Ohio Derby
- Class: Grade III
- Location: Thistledown Racecourse North Randall, Ohio, United States
- Inaugurated: 1876
- Race type: Thoroughbred – Flat racing
- Website: www.thistledown.com

Race information
- Distance: 11⁄8 miles (9 furlongs)
- Surface: Dirt
- Track: left-handed
- Qualification: Three-year-olds
- Weight: 126 lbs
- Purse: US$500,000 (2016)

= Ohio Derby =

The Ohio Derby is an American Thoroughbred horse race held annually in mid-to-late June at Thistledown in North Randall, Ohio.

The Grade III stakes for three-year-olds is run on dirt over a distance of 11/8 miles.

The race currently offers a purse of $500,000.

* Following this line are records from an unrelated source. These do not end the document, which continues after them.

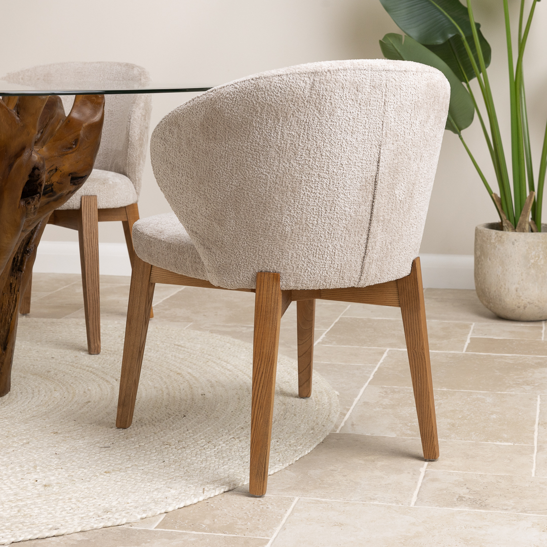180cm Circular Teak Flute Root Dining Table with 6 Upholstered Cove ChairsIn stock
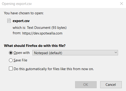 Choose the download type (CSV, KML or GPX) and click the Download button. Depending on your operating system, how it's configured and what options you've set, you will likely get an option to open or save the download file.
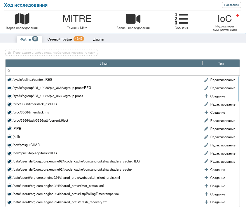 В блоке «Ход исследования», можно наблюдать, изменения в файловой системы, наличие сетевого трафика, а также создание дампов с различными расширениями.
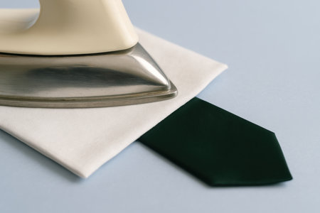 Iron pressing formal white shirt with dark green necktie on clean surface for professional wrinkle free business attire.
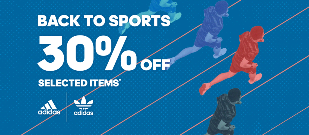 这项优惠是由Adidas 官方网店推出【Back To Sport】促销活动!商品高达55%折扣,另外再额外折扣30%给大家!无需输入任何优惠代码哦!

Inaugurated in 1876 at Chester Park, a racetrack on Spring Grove Avenue in Cincinnati, Ohio, the race was canceled after the 1883 running. It was revived in 1924 by the Maple Heights Park racetrack with future Hall of Fame inductee and that year's Kentucky Derby winner Black Gold claiming victory. From 1928 thru 1932 the Ohio Derby was hosted by the now defunct Bainbridge Park Race Track in Bainbridge Township, Ohio, built in 1927 by John King and Homer Kline.

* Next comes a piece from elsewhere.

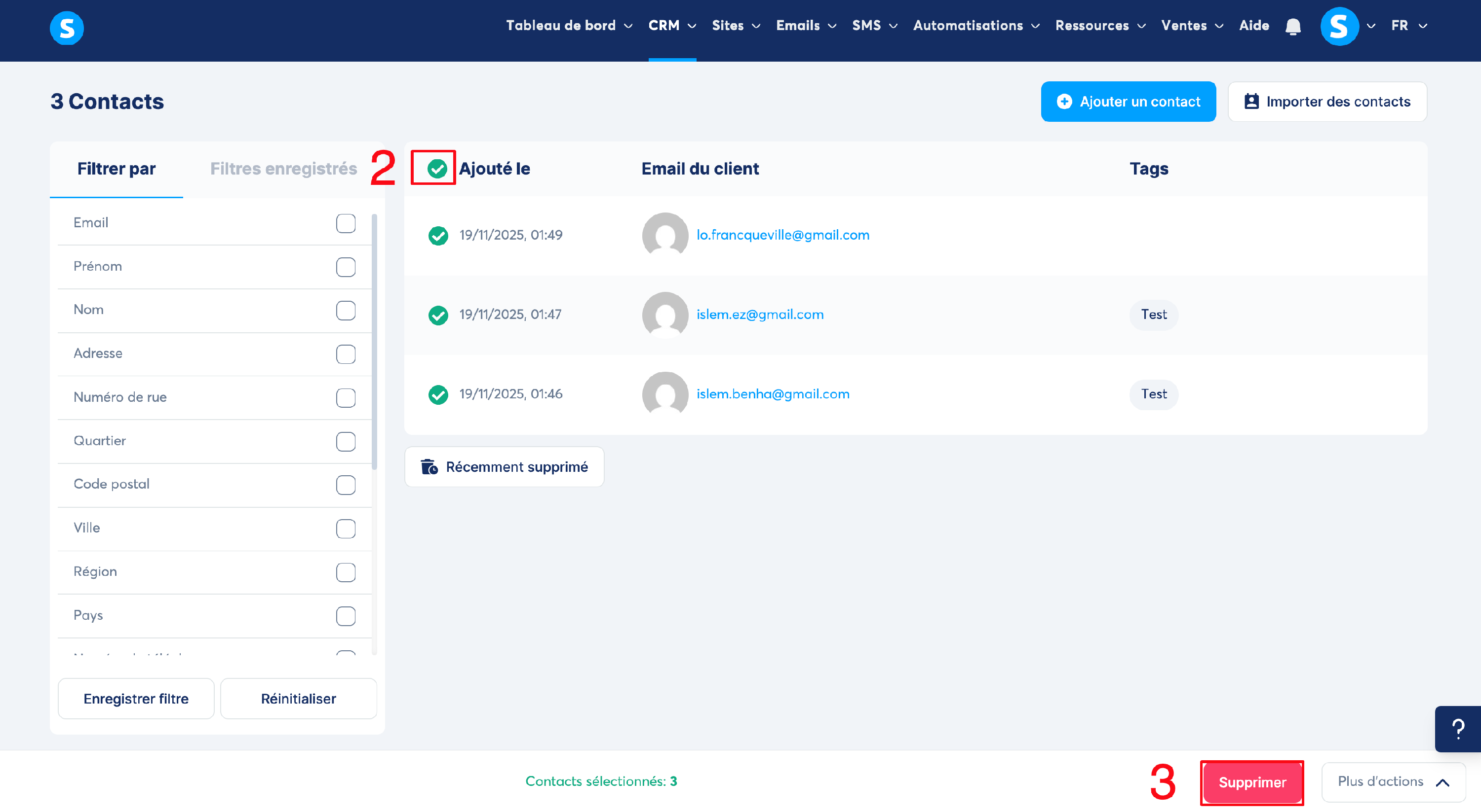 Ensuite, cliquez sur le bouton (numéro 2 sur l'image) pour sélectionner toute votre liste de contacts, puis cliquez sur "Supprimer". (numéro 3 sur l'image)

Pete D. Anderson, trainer of 2007 winner Delightful Kiss, won this race in 1964 as the jockey on National.

The Ohio Derby was not scheduled to be run in 2009 in order to maintain reasonable purses for area horsemen. However, an announcement was made in August that the Grade II race would run on October 3, 2009, on the Best of Ohio card. This race was downgraded from a graded stakes to a listed stakes in 2014. The race regained graded status in 2017 by The American Graded Stakes Committee of the Thoroughbred Owners and Breeders Association.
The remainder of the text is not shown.